Investors avoid making any big bets ahead of government’s monthly employment report

By Stephen Bernard, AP
Friday, July 2, 2010

Stocks little changed ahead of jobs report

NEW YORK — Stock futures were little changed Friday as investors avoid making any big moves ahead of the government’s key monthly employment report.

Pessimism has been growing among investors in recent days about the health of the jobs market and economy as a whole. The Standard & Poor’s 500 index has fallen the last two days after disappointing reports on hiring by private employers and weekly jobless claims. It is down in eight of the last nine trading sessions, falling 8.1 percent during that time.

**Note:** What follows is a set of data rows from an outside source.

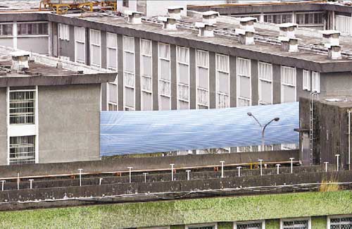 中午時,看守所突然在扁放風(fēng)的球場邊,拉起一大塊帆布,避免讓扁再被媒體拍到。對此,看守所副所長李大竹受訪時表示,這是基于維安的考慮,并評估其它放風(fēng)處是否也要比照辦理。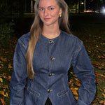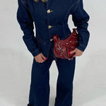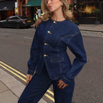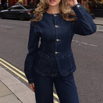 Elevate your everyday style with this tailored denim co-ord set — a refined take on casual dressing. Featuring a structured denim jacket with elegant gold clasp fastenings and matching wide-leg trousers, this two-piece set blends vintage charm with modern confidence. Designed with precision seamwork and flattering lines, it brings effortless sophistication to daytime dressing. Wear as a full set for impact, or mix and match to suit your personal style.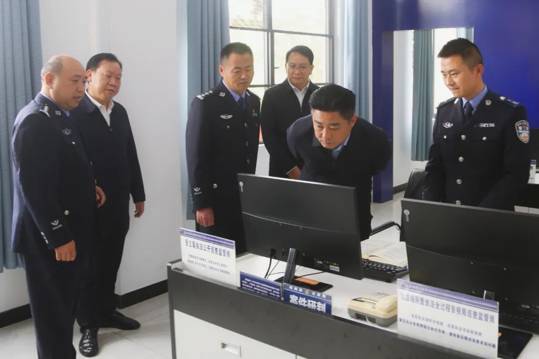 调研中,代绍斌局长首先向金鸿书记汇报了全县公安工作取得的成绩、存在的困难和下一步工作计划。听取汇报后,金鸿书记查看了双柏县公安局执法办案管理中心运行情况,对县公安局充分运用科技化管理,规范化执法工作给予充分肯定。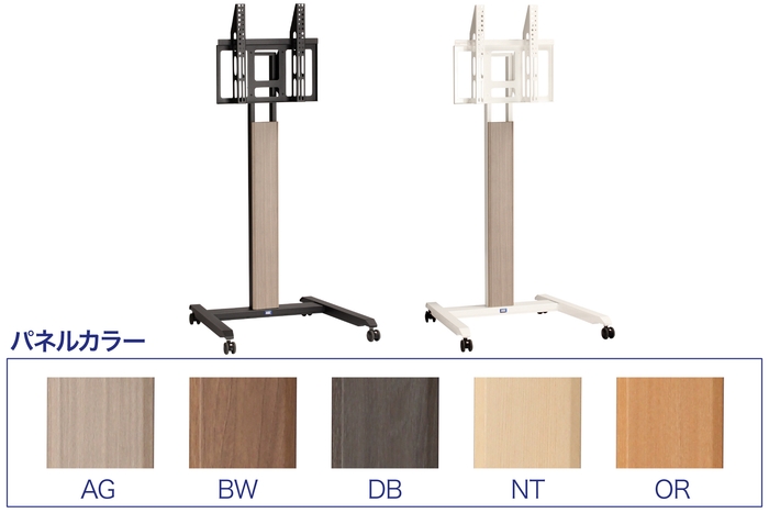 ディスプレイスタンドの本体カラーは黒色と白色の2色からお選びいただけます。木目調のデザインパネルはアッシュグレー(AG)、ブラウン(BW)、ダークブラウン(DB)、ナチュラル(NT)、オレンジ(OR)の5色をご用意しています。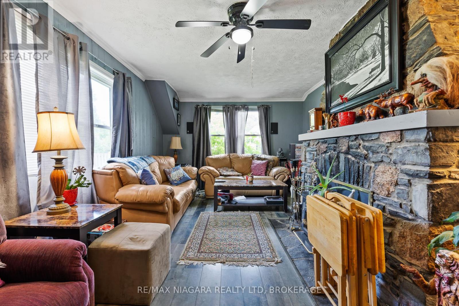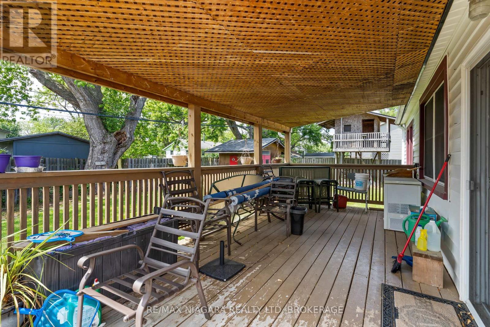 More Than Meets the Eye in Crescent Park. Set on an extra-wide lot in one of Fort Erie's most established and family-friendly neighbourhoods, this deceptively spacious bungalow offers flexible living and thoughtful design inside and out. With up to 5 potential bedrooms, this home easily adapts to changing family needs. The front room makes an ideal office, den, or guest space, while the finished attic loft is perfect as a bedroom with an added sitting area or playroom. The main level is bright and functional with a spacious dining room ready to host holiday gatherings, a two-sided fireplace connecting the living and dining spaces, and a kitchen with ample cabinetry and prep space. The primary bedroom, located just off the living room, is generously sized for a king bed and offers a quiet retreat surrounded by natural light. Two additional bedrooms and two full bathrooms complete the main floor layout. Step outside to a private backyard featuring interlocking brick, a covered deck, relaxing hot tub, two storage sheds, and enough space to park an RV, boat, or plan for a future garage. A newly installed boiler adds efficiency and comfort to this already well-rounded property. Ideally located near schools, parks, and the beach, this is a home with the space, flexibility, and location to grow with you. (id:51158)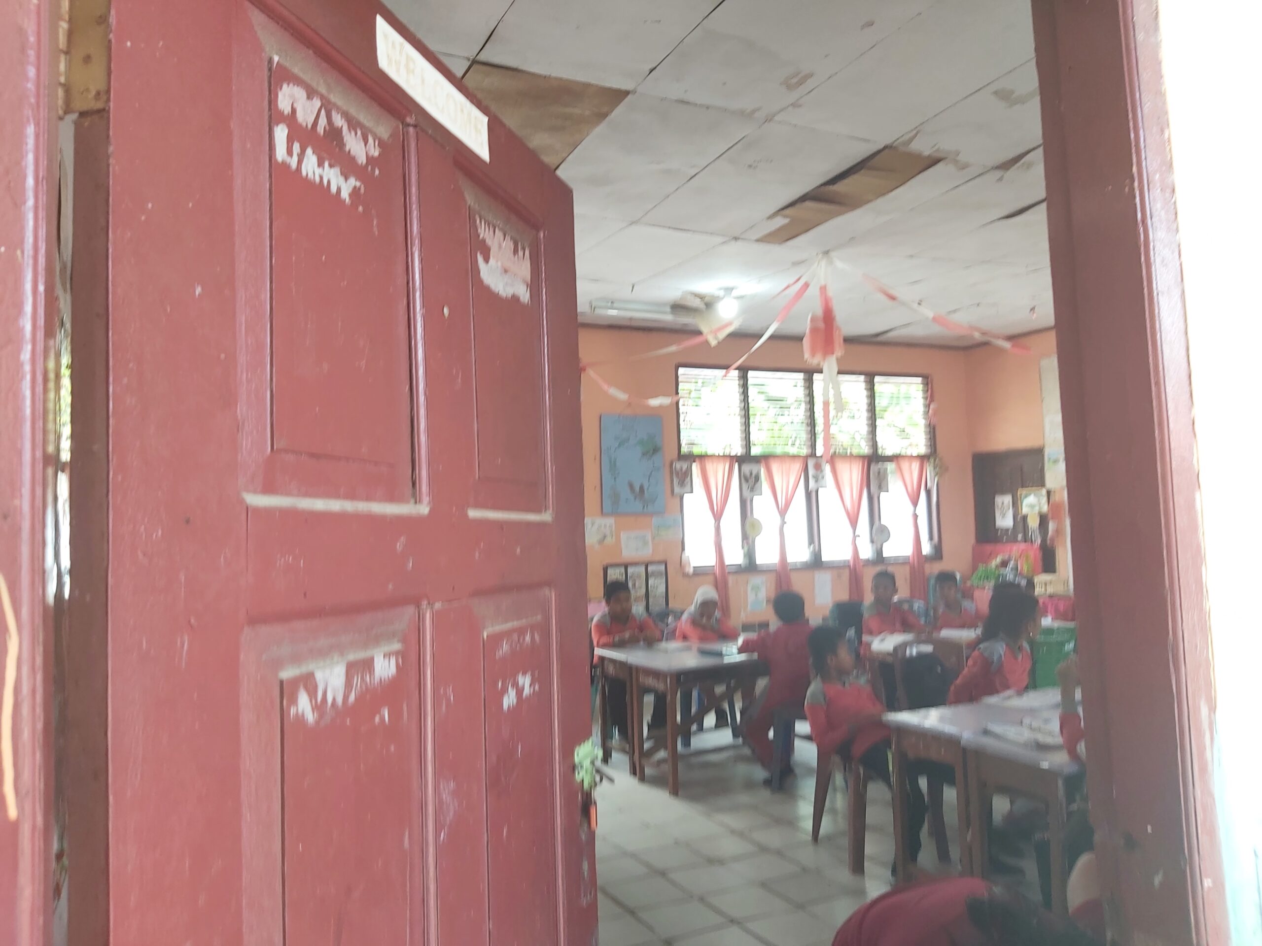 Duri,”matahukum.id – Untuk mengelabui terlihat plafon yang sudah lapuk meleleh dan berjuntai-juntai kebawah seperti sarang burung, setiap lokal kelas SDN 35 Mandau dihiasi dengan umbul-umbul kertas yang berwarna-warni.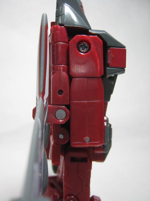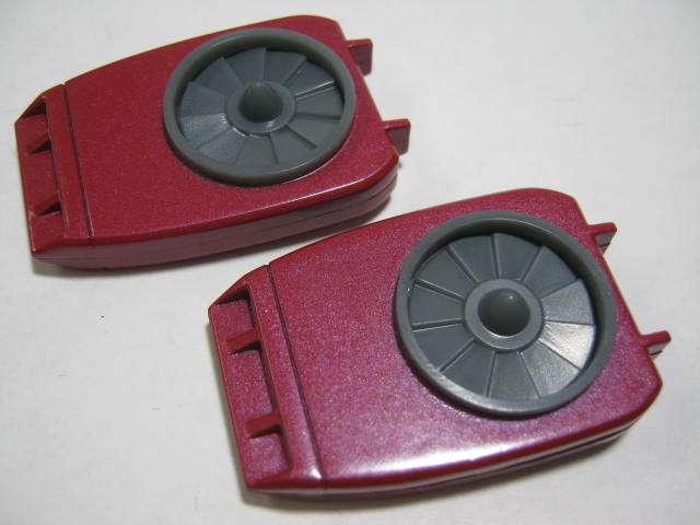 ロボットモードだと裏に配置されるので目立たない。もしかしたら、アニメでは腿横辺りにファンが配置されていたのを指揮して脚に付けたのかも知れない。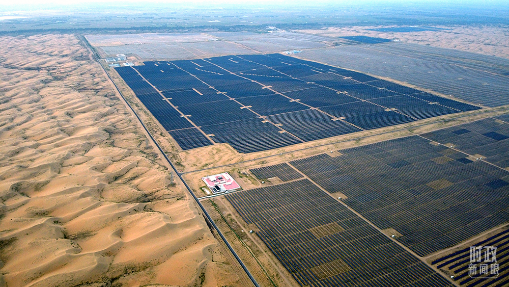 △內(nèi)蒙古鄂爾多斯,達拉特旗光伏發(fā)電領(lǐng)跑獎勵基地,是全球最大的沙漠集中式光伏電站。(圖/視覺中國)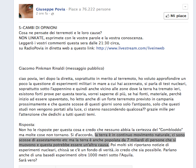 Giuseppe Povia, cantante sismologo, spiega l’origine dei terremoti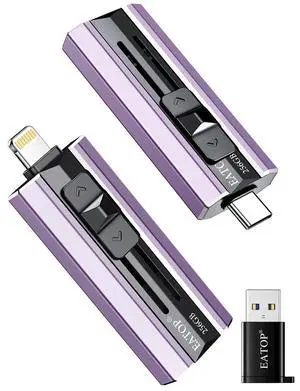 EATOP 256GB Flash Drive Intended for iPhone iPad, Memory Stick Storage for Photos and Videos Backup, Compatible with iPhone iPad Android PC, Plug and Play, No Application Required (Purple)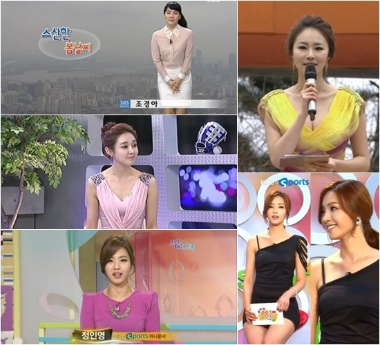 이뿐 아니라 장수연 KBS 부산방송총국 아나운서는 지난해 3월 방송된 KBS 1TV '찾아가는 음악회'에서 가슴라인이 깊게 파인 노란색 의상을 입어 많은 구설수를 낳았고, MBC 스포츠플러스의 김민아 아나운서는 지난해 11월 MBC 스포츠플러스 ‘베이스볼 투나잇 야’에서 란제리 룩을 연상케 하는 핑크색 착시 드레스로 이목을 집중시켰다.

Traders are concerned that the pace of the economic recovery is not as quick as they had once hoped. That’s primarily because of a weak labor market. High unemployment has kept consumers’ confidence low and retail sales from growing rapidly. Consumer spending accounts for the largest portion of the nation’s economic activity. Until employers accelerate the pace of hiring, the economy is expected to grow only modestly.

The government’s June employment report, due out at 8:30 a.m. EDT, is expected to again show little improvement. Economists polled by Thomson Reuters forecast employers cut 110,000 jobs last month. However, that number will likely be skewed by the government laying off temporary workers hired to conduct the 2010 census. Economists expect the government cut 240,000 census jobs in June.

Because of the census worker jobs, traders will be looking to see whether hiring by private employers accelerated last month. Economists expect private employers added 112,000 jobs last month. If actual results fall short of that forecast, stocks are likely to fall because it will add to the concerns that strong economic growth is still not close.

The unemployment rate is expected to rise to 9.8 percent from 9.7 percent.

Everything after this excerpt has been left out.